## Exercise prompt
Please reproduce the listing verbatim, without its images.

■ ■ ■ ■

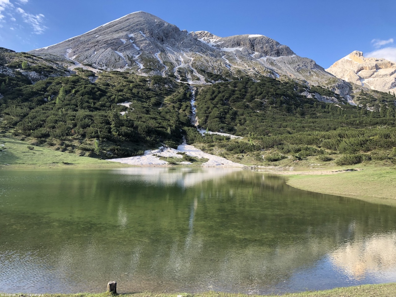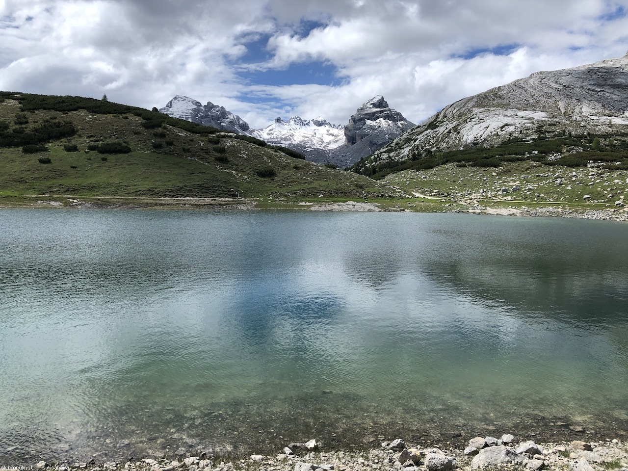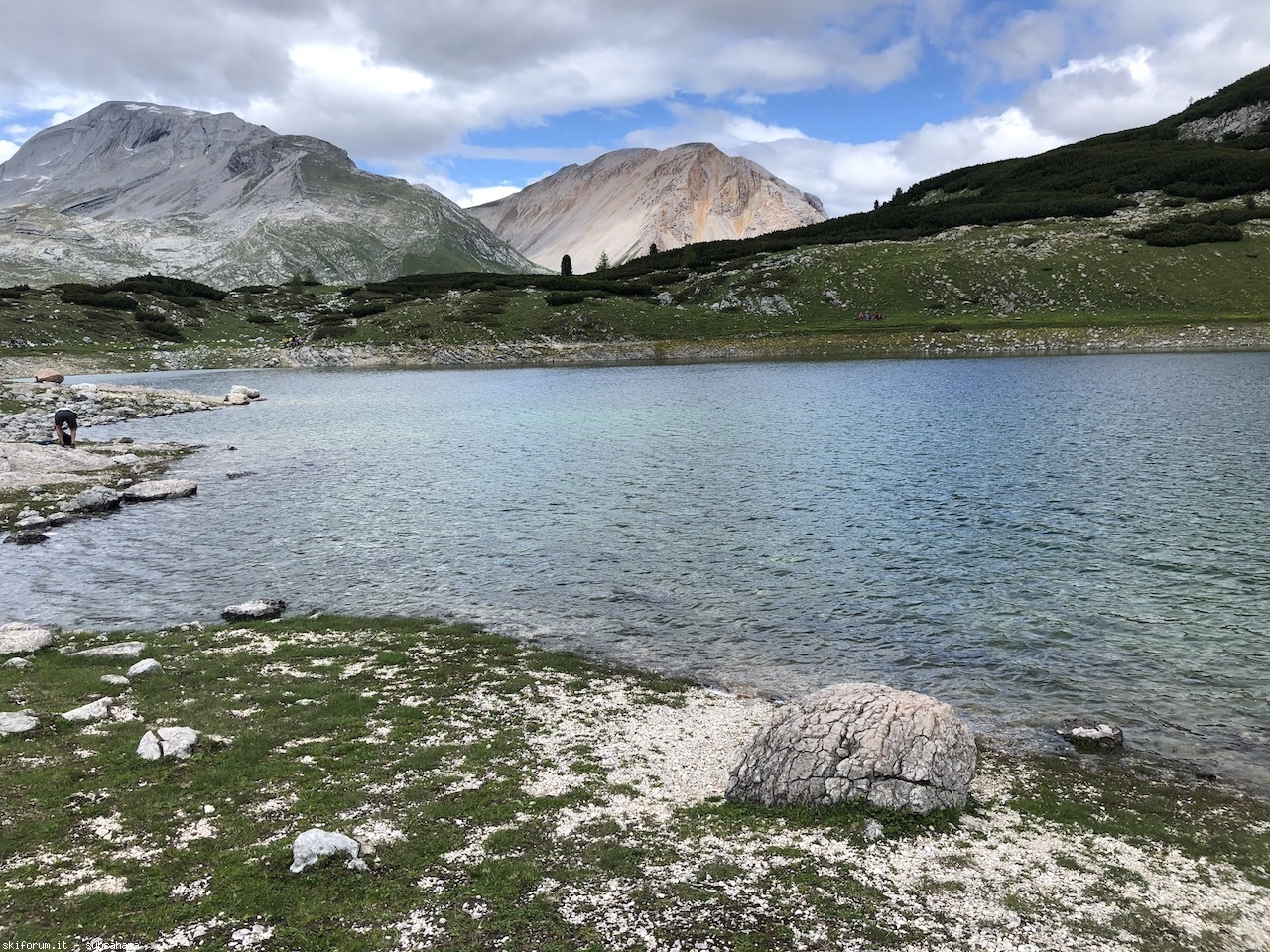 Perdo una ventina di metri di quota e raggiungo il pittoresco lago di Limo, ai piedi del Col Bechei
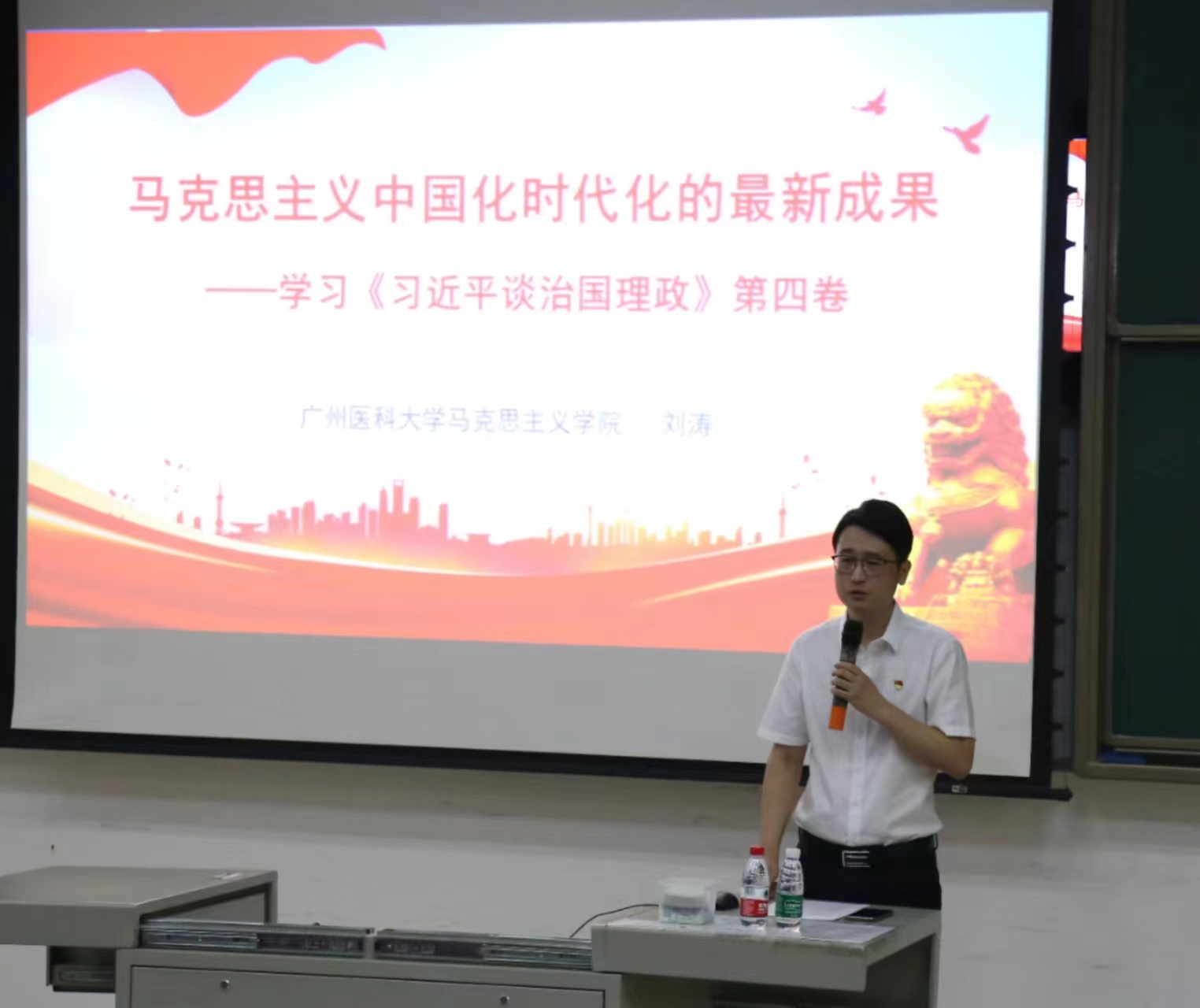 9月23日上午,亚洲色吧 党总支联合教辅党总支、后勤党总支在番禺校区开展学习贯彻《习近平谈治国理政》第四卷专题宣讲会。我校宣讲专家组成员,马克思主义亚洲色吧 刘涛教授做辅导报告,亚洲色吧 党总支刘宇珊副书记主持并讲话。
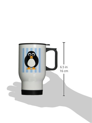 3dRose Cute Penguin with Blue Stripes Stainless Steel Travel Mug, 14-Ounce
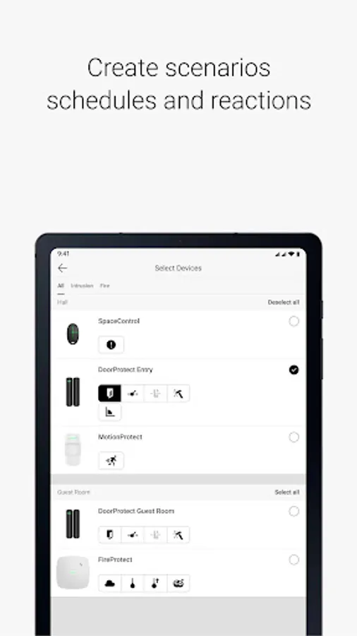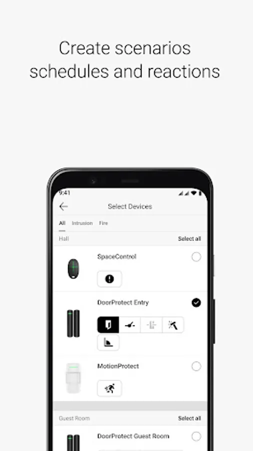 Adjust your security schedule. Turn the lights off automatically when you are arming a facility. Program your outdoor lights to spot the trespassers when they're setting foot on your property. Configure a flood prevention system and control gates, locks, lights, heating, and electric appliances in the app. With Smart & Security, your imagination is the only limitation.
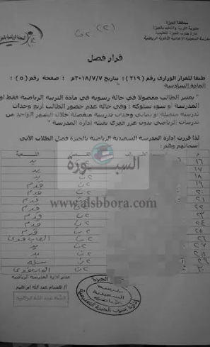 قامت مدرسة السعيدية بفصل نهائي للطلبة المتغيبين عن حصة التربية الرياضية ونشر أسمائهم على مواقع التواصل الاجتماعي .
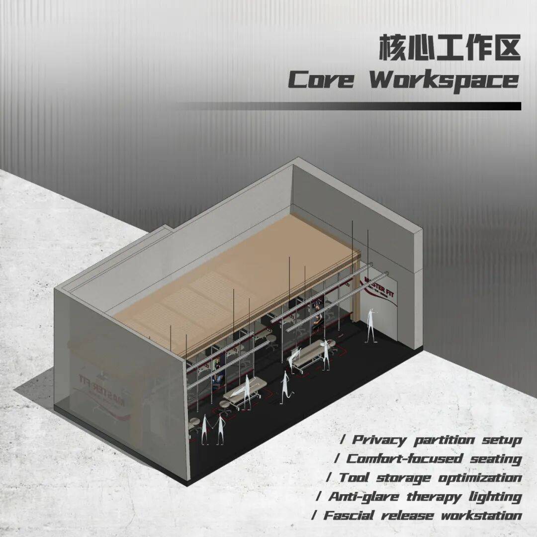 工作区是品牌核心服务的实施空间,也是用户深度体验“科学筋膜放松” 的关键区域。我们围绕 “服务效率提升”“体验舒适度保障”“专业价值传递” 三大目标,对收纳、隐私、照明、产品展示等维度进行精细设计,让每一处细节都服务于 “专业且有温度” 的康复体验。
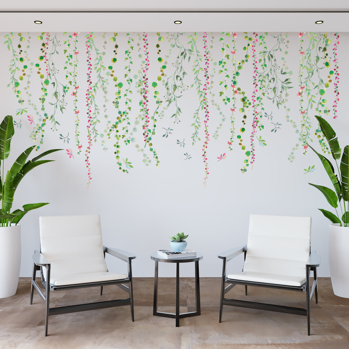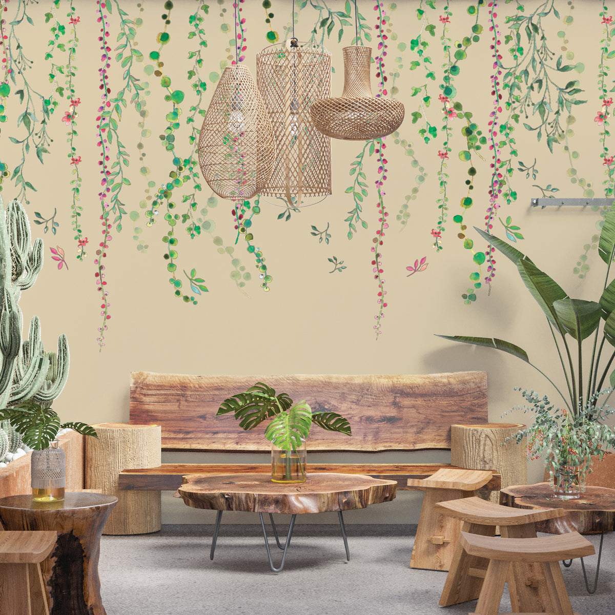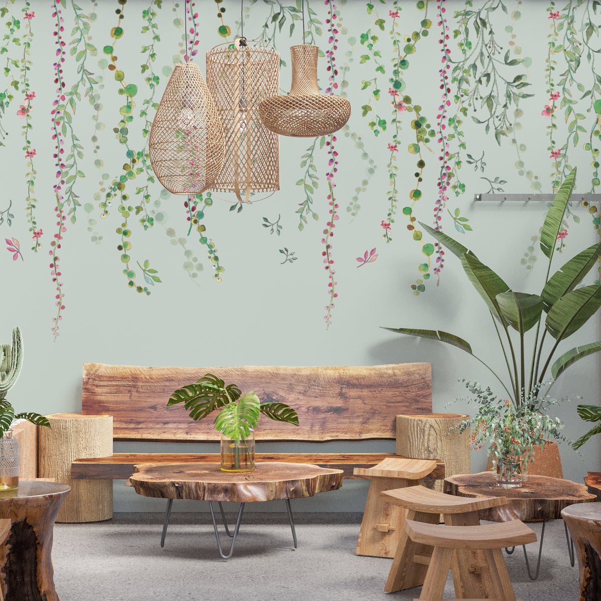 טפט קיר שיוצר אווירה, עם עלים ופרחים משתלשלים מהתקרה
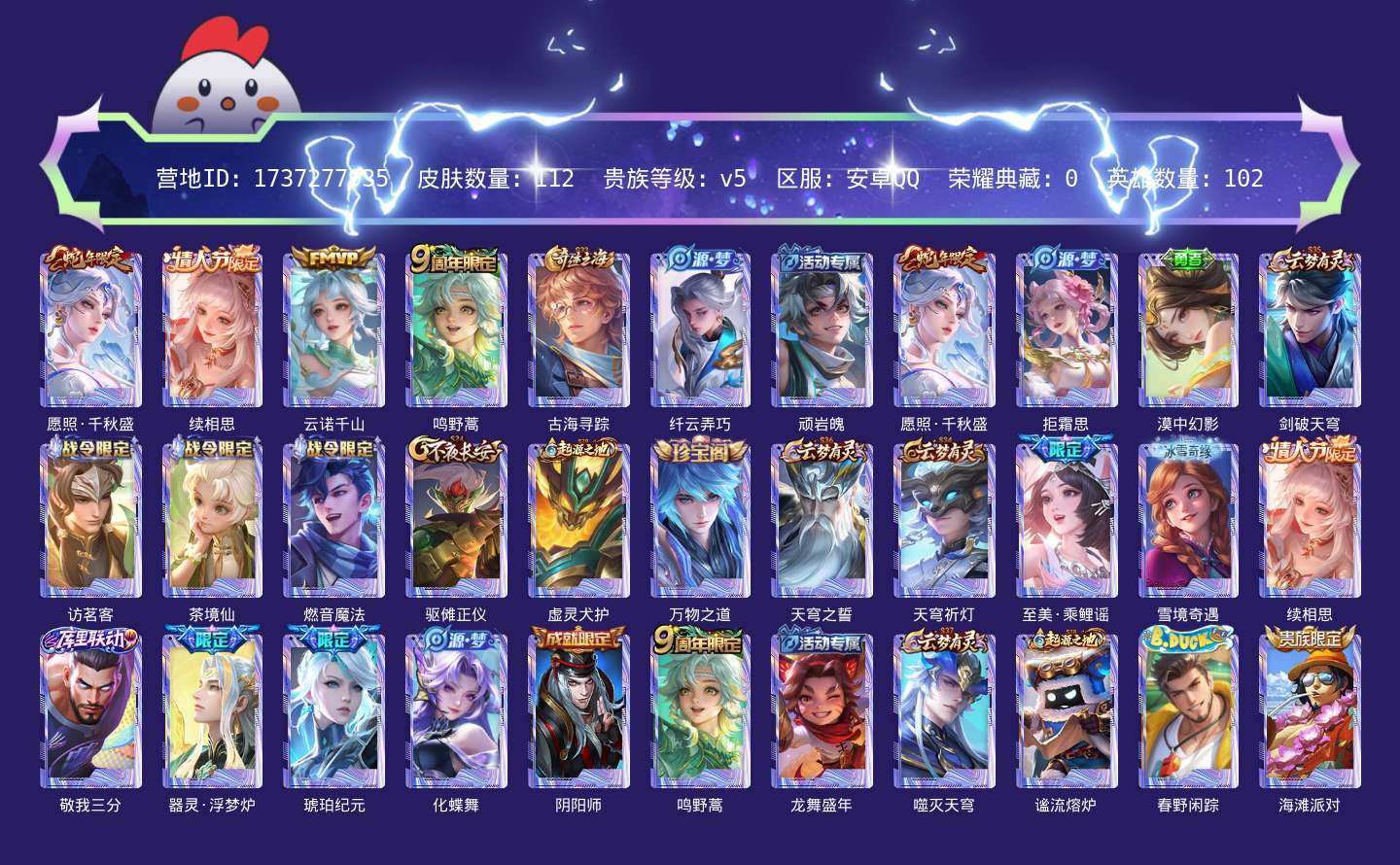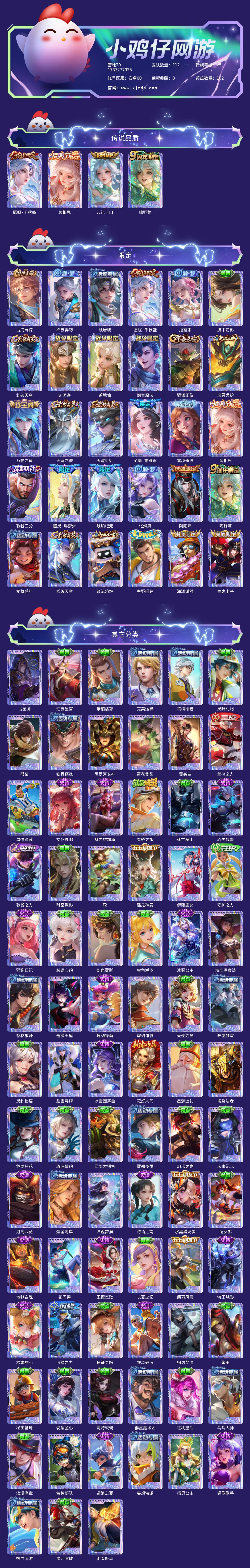 贵族等级:v5皮肤数:112传说品质4 生肖限定1 情人节限定1 英雄数:102

■ ■ ■ ■

## Task result
 Perdo una ventina di metri di quota e raggiungo il pittoresco lago di Limo, ai piedi del Col Bechei
 9月23日上午,亚洲色吧 党总支联合教辅党总支、后勤党总支在番禺校区开展学习贯彻《习近平谈治国理政》第四卷专题宣讲会。我校宣讲专家组成员,马克思主义亚洲色吧 刘涛教授做辅导报告,亚洲色吧 党总支刘宇珊副书记主持并讲话。
 3dRose Cute Penguin with Blue Stripes Stainless Steel Travel Mug, 14-Ounce
 Adjust your security schedule. Turn the lights off automatically when you are arming a facility. Program your outdoor lights to spot the trespassers when they're setting foot on your property. Configure a flood prevention system and control gates, locks, lights, heating, and electric appliances in the app. With Smart & Security, your imagination is the only limitation.
 قامت مدرسة السعيدية بفصل نهائي للطلبة المتغيبين عن حصة التربية الرياضية ونشر أسمائهم على مواقع التواصل الاجتماعي .
 工作区是品牌核心服务的实施空间,也是用户深度体验“科学筋膜放松” 的关键区域。我们围绕 “服务效率提升”“体验舒适度保障”“专业价值传递” 三大目标,对收纳、隐私、照明、产品展示等维度进行精细设计,让每一处细节都服务于 “专业且有温度” 的康复体验。
 טפט קיר שיוצר אווירה, עם עלים ופרחים משתלשלים מהתקרה
 贵族等级:v5皮肤数:112传说品质4 生肖限定1 情人节限定1 英雄数:102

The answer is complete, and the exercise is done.